According to our experience, Ho:YAG CL is a safe and successful minimally invasive treatment option for bladder stones in children with the advantages of the lack of any scar and the short hospital stay. The success rate was 100% without development of any complications or recurrence. The operative time was significantly affected by the size of stones, but a single operative session was performed for each patient. Stones were completely fragmented without the need of any extraction. One laser fiber can be used for a large number of cases, decreasing the cost. The use of small caliber pediatric endoscopes, appropriate experience, and caution are the key to success. It should be the preferred treatment for bladder calculi up to 4 cm. Our study has some limitations, mainly because of lack of a control group, so our results were compared with other published papers on different lines of treatment for bladder stones in children. Another limitation was the exclusion of stones >4 cm and children with a history of a previous stone intervention or bladder or urethral operations. We excluded these patients from the present study; they were not the majority of patients presenting to our department because most of the stones were because of infection and poor nutrition.

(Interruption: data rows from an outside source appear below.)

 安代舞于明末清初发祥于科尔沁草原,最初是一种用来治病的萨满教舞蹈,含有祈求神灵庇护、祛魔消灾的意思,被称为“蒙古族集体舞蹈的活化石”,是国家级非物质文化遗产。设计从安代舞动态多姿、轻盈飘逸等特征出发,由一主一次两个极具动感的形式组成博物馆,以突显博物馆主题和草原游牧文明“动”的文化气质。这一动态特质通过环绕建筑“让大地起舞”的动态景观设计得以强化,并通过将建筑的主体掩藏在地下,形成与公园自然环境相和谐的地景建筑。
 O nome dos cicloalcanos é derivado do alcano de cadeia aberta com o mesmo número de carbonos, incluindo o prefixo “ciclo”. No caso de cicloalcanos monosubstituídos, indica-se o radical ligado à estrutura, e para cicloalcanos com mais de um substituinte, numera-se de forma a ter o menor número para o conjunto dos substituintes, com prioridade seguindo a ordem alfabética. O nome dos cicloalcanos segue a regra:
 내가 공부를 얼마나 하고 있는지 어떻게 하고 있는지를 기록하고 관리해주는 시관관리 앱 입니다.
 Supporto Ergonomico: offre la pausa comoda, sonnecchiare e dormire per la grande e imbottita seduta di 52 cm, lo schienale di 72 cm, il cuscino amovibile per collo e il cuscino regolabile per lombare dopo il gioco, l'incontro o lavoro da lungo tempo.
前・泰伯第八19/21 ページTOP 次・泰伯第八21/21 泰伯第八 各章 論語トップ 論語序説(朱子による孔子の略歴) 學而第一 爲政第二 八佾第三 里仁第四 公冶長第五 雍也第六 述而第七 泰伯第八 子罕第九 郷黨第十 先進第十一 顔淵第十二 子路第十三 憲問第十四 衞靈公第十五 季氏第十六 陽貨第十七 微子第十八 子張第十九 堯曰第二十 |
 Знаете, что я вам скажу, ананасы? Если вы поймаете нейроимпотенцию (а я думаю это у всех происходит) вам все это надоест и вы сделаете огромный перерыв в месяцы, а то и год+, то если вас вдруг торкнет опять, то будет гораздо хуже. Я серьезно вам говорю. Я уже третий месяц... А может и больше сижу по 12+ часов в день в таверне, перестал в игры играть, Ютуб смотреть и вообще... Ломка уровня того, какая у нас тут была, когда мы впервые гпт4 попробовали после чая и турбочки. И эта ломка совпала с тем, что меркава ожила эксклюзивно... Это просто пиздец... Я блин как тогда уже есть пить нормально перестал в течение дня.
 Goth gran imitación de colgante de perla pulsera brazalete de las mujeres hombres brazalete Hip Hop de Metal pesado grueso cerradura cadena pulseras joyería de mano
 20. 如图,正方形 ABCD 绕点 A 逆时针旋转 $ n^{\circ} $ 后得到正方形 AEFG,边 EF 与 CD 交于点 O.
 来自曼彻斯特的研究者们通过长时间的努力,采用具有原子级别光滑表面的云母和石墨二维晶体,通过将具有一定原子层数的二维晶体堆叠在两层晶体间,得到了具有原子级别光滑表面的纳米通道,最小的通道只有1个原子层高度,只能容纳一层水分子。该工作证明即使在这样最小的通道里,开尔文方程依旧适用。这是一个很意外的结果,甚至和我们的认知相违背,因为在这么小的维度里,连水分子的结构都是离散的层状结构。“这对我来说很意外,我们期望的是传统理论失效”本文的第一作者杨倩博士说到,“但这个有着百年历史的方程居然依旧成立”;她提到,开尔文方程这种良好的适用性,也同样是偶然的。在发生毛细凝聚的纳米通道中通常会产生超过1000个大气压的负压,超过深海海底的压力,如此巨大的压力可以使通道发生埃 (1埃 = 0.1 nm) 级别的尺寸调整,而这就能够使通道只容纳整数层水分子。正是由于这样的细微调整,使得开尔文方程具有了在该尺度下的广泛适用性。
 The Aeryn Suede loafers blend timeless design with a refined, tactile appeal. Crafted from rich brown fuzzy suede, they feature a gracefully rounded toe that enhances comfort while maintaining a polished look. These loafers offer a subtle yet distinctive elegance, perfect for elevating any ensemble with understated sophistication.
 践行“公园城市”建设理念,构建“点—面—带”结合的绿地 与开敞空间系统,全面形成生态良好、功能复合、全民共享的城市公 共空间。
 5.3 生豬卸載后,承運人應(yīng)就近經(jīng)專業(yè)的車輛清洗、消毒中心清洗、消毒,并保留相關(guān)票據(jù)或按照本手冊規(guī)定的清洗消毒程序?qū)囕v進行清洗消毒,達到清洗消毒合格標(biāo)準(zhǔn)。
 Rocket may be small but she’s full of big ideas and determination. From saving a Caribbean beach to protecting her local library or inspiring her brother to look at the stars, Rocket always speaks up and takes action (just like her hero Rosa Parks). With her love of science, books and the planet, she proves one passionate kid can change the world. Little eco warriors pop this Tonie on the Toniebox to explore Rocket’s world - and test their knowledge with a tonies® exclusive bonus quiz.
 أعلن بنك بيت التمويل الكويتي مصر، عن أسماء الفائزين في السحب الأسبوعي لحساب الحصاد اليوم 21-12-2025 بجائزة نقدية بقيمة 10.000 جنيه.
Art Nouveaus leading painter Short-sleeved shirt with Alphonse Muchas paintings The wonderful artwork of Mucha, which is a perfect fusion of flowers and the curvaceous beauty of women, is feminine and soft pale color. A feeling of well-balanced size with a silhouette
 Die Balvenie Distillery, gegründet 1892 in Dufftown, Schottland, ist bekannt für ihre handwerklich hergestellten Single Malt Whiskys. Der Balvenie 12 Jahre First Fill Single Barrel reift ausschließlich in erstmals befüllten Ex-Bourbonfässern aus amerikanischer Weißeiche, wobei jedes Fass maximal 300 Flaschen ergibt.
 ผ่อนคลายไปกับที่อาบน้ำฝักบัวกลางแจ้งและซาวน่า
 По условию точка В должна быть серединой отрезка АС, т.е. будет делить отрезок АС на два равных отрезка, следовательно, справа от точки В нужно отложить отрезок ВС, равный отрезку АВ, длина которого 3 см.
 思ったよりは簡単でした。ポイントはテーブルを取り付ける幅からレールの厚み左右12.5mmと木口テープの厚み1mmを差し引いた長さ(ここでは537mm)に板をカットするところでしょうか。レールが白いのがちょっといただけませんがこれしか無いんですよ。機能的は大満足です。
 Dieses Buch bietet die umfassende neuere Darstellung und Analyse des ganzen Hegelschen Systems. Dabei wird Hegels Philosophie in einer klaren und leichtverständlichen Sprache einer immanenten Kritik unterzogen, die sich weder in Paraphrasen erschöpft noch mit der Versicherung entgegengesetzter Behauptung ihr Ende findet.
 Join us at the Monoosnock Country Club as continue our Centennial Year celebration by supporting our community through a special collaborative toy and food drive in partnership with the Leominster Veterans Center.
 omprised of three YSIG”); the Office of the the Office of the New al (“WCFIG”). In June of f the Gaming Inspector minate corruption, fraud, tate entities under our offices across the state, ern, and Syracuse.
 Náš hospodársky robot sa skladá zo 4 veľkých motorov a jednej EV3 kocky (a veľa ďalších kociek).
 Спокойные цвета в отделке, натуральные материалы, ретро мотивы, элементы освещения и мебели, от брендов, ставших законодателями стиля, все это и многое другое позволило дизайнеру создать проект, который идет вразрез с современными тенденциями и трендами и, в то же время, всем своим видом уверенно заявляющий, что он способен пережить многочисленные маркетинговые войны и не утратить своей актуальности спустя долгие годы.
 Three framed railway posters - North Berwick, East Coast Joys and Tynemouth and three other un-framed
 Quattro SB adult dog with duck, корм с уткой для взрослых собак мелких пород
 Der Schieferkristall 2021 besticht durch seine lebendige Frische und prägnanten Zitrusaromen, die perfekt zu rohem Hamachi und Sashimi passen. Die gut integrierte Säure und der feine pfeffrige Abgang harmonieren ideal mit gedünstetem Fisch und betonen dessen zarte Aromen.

In addition, we decided to avoid the special complications related to these cases during reporting of our initial experience with laser CL including complications related to the reconstructed bladder neck or continent stoma of the augmented bladder. The absence of stone analysis because of intraoperative complete fragmentation of stones is also a limiting factor. In a previous study in our center, it was reported that the epidemiologic profile of urinary stones in Egyptian children can be considered as an intermediate between those of developing countries, where dietary deficiencies are the main causes in addition to infection and other causes, and developed countries, where only infectious and metabolic calculi are observed. This was most probably because of gradual improvement of dietary habits and nutritional status of children.

Regarding the composition of bladder stones in that study, the ammonium acid urate was found in 27% of stones, struvite in 27%, calcium carbonate in 22%, calcium oxalate in 13%, calcium phosphate in 9%, and pure uric acid in 4%. The authors assumed that a low and fixed urinary pH at the time of stone formation, coupled with low urine volume, was the mechanism responsible for the development of endemic stones composed of ammonium acid urate, which have almost disappeared in the Western world, probably as a result of a balanced diet. ⁸ On the other hand, the prospective evaluation of this reasonable number of relatively young children adds to the strength of our study. Because the size of stones in our study was <4 cm, other methods of intervention including PCCL and OC should be compared with CL in bladder stones >4 cm. This comparison is also needed in infants and in children with reconstructed bladder.

Conclusion

Ho:YAG CL is a safe and successful minimally invasive treatment option for bladder stones in children with the advantages of the lack of any scar and the short hospital stay. The success rate was 100% without development of any complications or recurrence. It should be the preferred treatment for bladder calculi up to 4 cm.